I am trying to read a csv using dask and then resample it based on its timestamp index.
The csv file has content like:
Time,data
2015-01-01,0
2015-01-02,1
2015-01-03,2
2015-01-04,3
...
Method 1: Using dask
to load the data directly and then setup the index:
import pandas as pd
import dask.dataframe as dd
data_sample = dd.read_csv('test_data.csv')
meta=pd.Series([], name='time',dtype=pd.Timestamp)
data_sample['Time'] = data_sample['Time'].map_partitions(pd.to_datetime, meta=meta)
data_sample2 = data_sample.set_index(data_sample['Time'])
data_sample2.index.head()
And I got:
DatetimeIndex(['2015-01-01', '2015-01-02', '2015-01-03', '2015-01-04',
'2015-01-05'],
dtype='datetime64[ns]', name='Time', freq=None)
However, when I am trying to do: data_sample2.resample('1M').mean()
I have the following error: TypeError: Only valid with DatetimeIndex, TimedeltaIndex or PeriodIndex, but got an instance of 'Index'
Method 2:
If I use pandas
load the data and then convert it to dask.dataframe
, it seems to be OK:
pd_data = pd.read_csv('test_data.csv')
pd_data['Time'] = pd.to_datetime(pd_data['Time'])

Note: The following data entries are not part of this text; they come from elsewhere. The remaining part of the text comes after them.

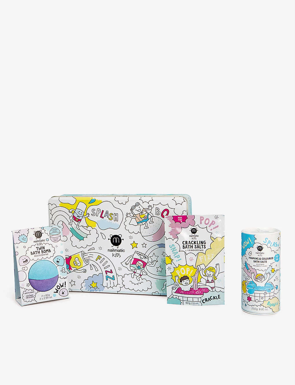 - Includes: 1 duo bathbomb (blue and violet) 160g, 1 blue foaming & coloured bath salts 250g, 1 pink crackling bath salts 60g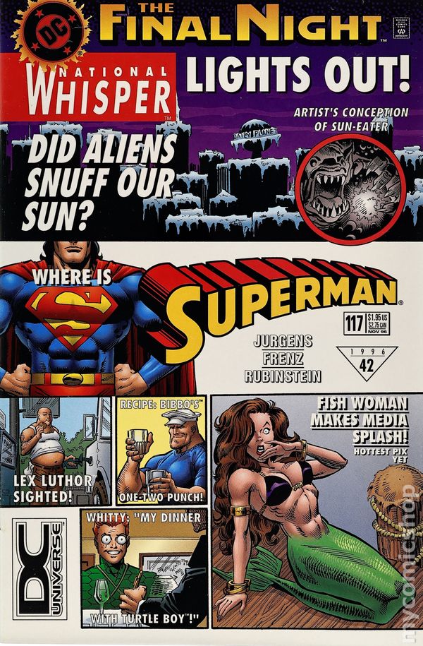 "From the Heart!" Guest-starring Wonder Woman. Story by Dan Jurgens. Art by Ron Frenz and Joe Rubinstein. In the aftermath of the Sun-Eaters attack (see Final Night (1996) #1-4), Superman remains powerless. As S.T.A.R. Labs tries to find a way to return his powers, Clark gets some much needed relationship advise from his close friend, Wonder Woman. Meanwhile, the woman in question, Lois Lane continues her adventures abroad. Cover price $1.95.
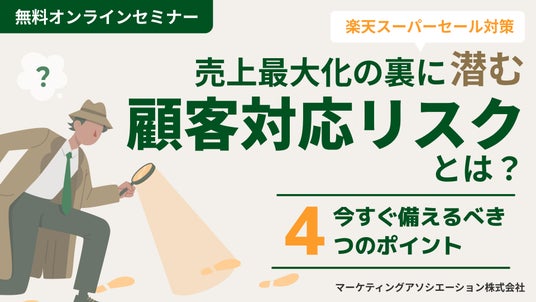 マーケティングアソシエーション株式会社(本社:東京都台東区 代表取締役:中園広和、以下当社)は2025年5月14日(水)に、ウェブセミナー「【楽天スーパーセール対策】 売上最大化の裏に潜む顧客対応リスクとは?今すぐ備えるべき4つのポイント」を、開催いたします。
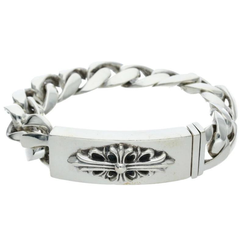 Chrome Hearts LINK ID FLORAL CRS Floral Cross ID Classic Silver Bracelet (Silver, 119.74g) Size: 13 [508052] [GZ11] [Accessories] [Pre-owned] bb21#rinkan*B

pd_data.set_index(pd_data['Time'],inplace=True)
pd_data.index
data_sample_from_pd = dd.from_pandas(pd_data, npartitions=1)
data_sample_from_pd.index.head()
And the dtype seems to be the same:
DatetimeIndex(['2015-01-01', '2015-01-02', '2015-01-03', '2015-01-04',
'2015-01-05'],
dtype='datetime64[ns]', name='Time', freq=None)
And the resample works fine:
data_sample_from_pd.resample('1M').mean().head()
data
2015-01-31 15.0
2015-02-28 44.5
2015-03-31 74.0
2015-04-30 94.5
Any idea why those two methods gives different result in executing resample
? Any suggestions that how I should do to get method 1 work? Thank you!